With the outbreak of civil war in England, Parliament sought military
support from the covenanters, and following a doomed attempt to rally
Scottish royalists in opposition Montrose joined the King at Oxford,
where he was appointed Lieutenant-General for Scotland and given a royal
commission to raise an army in the north. Crossing the border in secret
and meeting up with a force of Irish levies and highlanders raised by
the Earl of Antrim and led by Alaister MacDonald, between 1644 and 1645
Montrose led a startlingly successful campaign, inflicting a series of
devastating victories over parliamentarian forces in the highlands, and,
in the words of the military historian Sir John Fortescue, emerged as
‘perhaps the most brilliant natural military genius disclosed by
the Civil War’.1 In the face of huge odds, and despite vastly
superior enemy numbers, Montrose combined brilliant tactics and enormous
daring to defeat the covenanters at Tibbermoure on 1st September 1644,
and again at Aberdeen twelve days later. In 1645 he routed an army twice
the size of his own under the Duke of Argyll at Inverlochy on 2nd
February, defeated the covenanters again at Auldearn on 9th May, and
broke their army a third time at Alford on 2nd July. A month later, at
Kilsyth, in an astonishing display of military brilliance, he once again
destroyed the massed Covenanter army under General Baillie and the Duke
of Argyll, chasing their beleaguered forces all the way to the border
and leaving him in effective control of Scotland. However Montrose’s
spectacular success could not last forever and in September 1645,
massively outnumbered and caught by surprise, he was finally defeated at
Philiphaugh. Retreating to the Highlands he struggled to rebuild his
army, but with the Royalist cause perilously close to defeat in England
in the aftermath of the battle of Naseby, his efforts became
increasingly futile. In July 1646 Montrose received orders from the
King, now a captive of the Scottish Covenant army in England, to disband
his men, and in September he sailed into exile.

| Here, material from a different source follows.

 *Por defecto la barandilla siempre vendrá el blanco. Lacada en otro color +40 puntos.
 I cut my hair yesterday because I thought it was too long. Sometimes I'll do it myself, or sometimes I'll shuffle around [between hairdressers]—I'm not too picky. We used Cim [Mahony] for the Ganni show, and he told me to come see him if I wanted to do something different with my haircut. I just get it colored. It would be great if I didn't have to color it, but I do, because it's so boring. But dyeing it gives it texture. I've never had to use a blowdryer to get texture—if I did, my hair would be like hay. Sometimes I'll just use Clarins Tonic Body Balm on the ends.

In exile Montrose continued his support of the Royalist cause and an
account of his deeds published in Latin in 1647 gained him a heroic
international reputation. Roused to a vengeful fury by the execution of
Charles I, in 1649, having been re-appointed Lieutenant-Governor and
Captain-General of Scotland by the exiled Charles II, he dispatched a
small force from Norway to the Orkneys, joining them with reinforcements
in March 1650. Invading Scotland he pushed south through Caithness and
Sutherland, but abandoned by his King and deserted by his army he was
defeated at Carbisdale in April, captured, and handed over to the
Covenanters. On 18th May 1650 he was led through the streets of
Edinburgh in a cart to the Mercat Cross in Parliament Square where his
body was hung, drawn and quartered. He died with dignity, finely dressed
in a scarlet cloak. His head was placed on a spike and displayed from
the Tolbooth, whilst his limbs were dispatched to Stirling, Glasgow,
Perth and Aberdeen, where they were fixed to the cities’ gates.

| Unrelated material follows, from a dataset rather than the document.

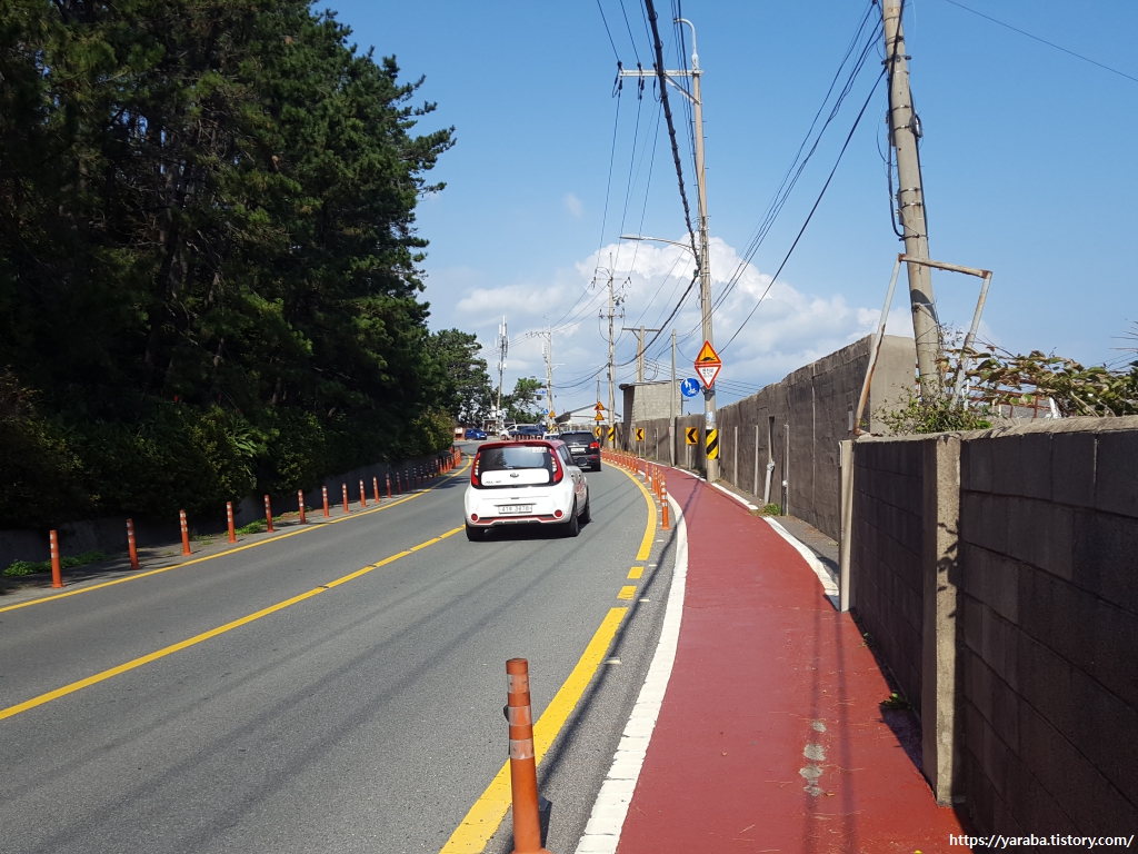 터벅터벅 일광로 차로변을 걷는다. 다행히 도보길이 구분되어 있어 안전에는 문제가 없었다. 자전거가 없어서 다행이지만 사람과 자전거가 같이 가는 자전거, 보행자 겸용 도로이다.

His dismembered body was buried in un-consecrated ground in the burgh
muir, where under cover of darkness Lady Napier had his heart removed
and the embalmed organ sent to his son and heir in the Netherlands.
A last service to the crown, Montrose’s death served as a potent
symbol of determination and loyalty until death. At the restoration of
the monarchy in 1660 his body parts were reassembled in Edinburgh and
buried in the High Kirk of St Giles in an elaborate state ceremony in
which fourteen noblemen carried the coffin. Montrose’s example
would serve as an inspiration in later ages to generations of Jacobites,
and to this day his legend is intimately bound with the lure and romance
of the highlands.
This painting was almost certainly painted in Oxford, where the royal
court had relocated following the commencement of hostilities with
Parliament, between the crucial months of August 1643 and March 1644,
whilst Montrose was there negotiating with the King for permission to
raise an army in Scotland against the Covenanters. The composition is
emblematic of the directness, individuality and personal force which
characterise Dobson’s best portraits. The figure fills the canvas,
lending a sense of immediacy and presence to the picture. In the upper
left the statue of Minerva is balanced in the upper right by his helmet,
symbolising the complementary qualities of wisdom and martial strength
appropriate to the sitter’s status as a military commander. This
use of classical statuary as an allusion to the sitter’s role in
life is a device often found in Dobson’s work from the period, and
can be seen to similar effect in his Portrait of Colonel Richard Neville
(National Portrait Gallery, London), in which a relief of Mercury
(swiftness) rousing Mars (war) can be seen behind the sitter, upper
right (see fig. 2). This classical motif similarly features in Dobson’s
Portrait of Sir Thomas Chicheley (Private Collection), which features a
statue of a bare breasted female figure, probably Venus, as well as in
his Portrait of an Unknown Naval Commander (National Maritime Museum,
Greenwich), in which a marble female figure with a globe, triangle and
dividers, symbolising Navigation or Geography, is seen behind the sitter
upper left (see fig. 1). The compositional and iconographic idea is
something that is unprecedented in the work of Dobson’s
predecessor, Sir Anthony van Dyck, and the disposition of the attributes
in this picture, as well as the general composition, resemble Titian’s
Portrait of Francesco Maria I della Rovere, Duke of Urbino (Uffizi
Gallery, Florence), of which a replica or copy may have been in the
collection of the Earl of Arundel during the artist’s lifetime
(see. fig. 3).
The first native born artist of real significance in Britain, whom his
contemporary John Aubrey called ‘the most excellent painter that
England hath yet bred’,2 little is known about Dobson’s life
or career. Believed to have received encouragement from Van Dyck before
his death in 1641, almost all the known works by this enigmatic painter
were executed at Oxford, where Dobson moved early in 1643 in search of
Royal patronage. He probably received early patronage from the Prince of
Wales and Prince Rupert, and both an etched portrait of him by Josias
English, produced circa 1650, and the title of a (now lost) poem
dedicated to him by Thomas Rawlins suggest that he was appointed
Sergeant-Painter to the King and a Groom of the Privy Chamber. The
unusual format of some of his pictures, as well as the deteriorating
quality of the materials in some of his later portraits and the fact
that only one preparatory drawing is attributed to him, are all
indications of the exigencies of working in a besieged city, at a time
of extreme national strife. His premature death, shortly after the fall
of Oxford in 1646, cut short a flourishing and highly original career.
Not until the emergence of William Hogarth, over half a century later,
would an indigenous artist of such prodigious talent emerge in England.
1. Quoted in M. Hastings, Montrose, The King’s Champion, London
1977, p. 13.
2. A. Clark (ed.), ‘Brief Lives’, chiefly of Contemporaries,
set down by John Aubrey, Oxford 1898, vol. I, p. 78.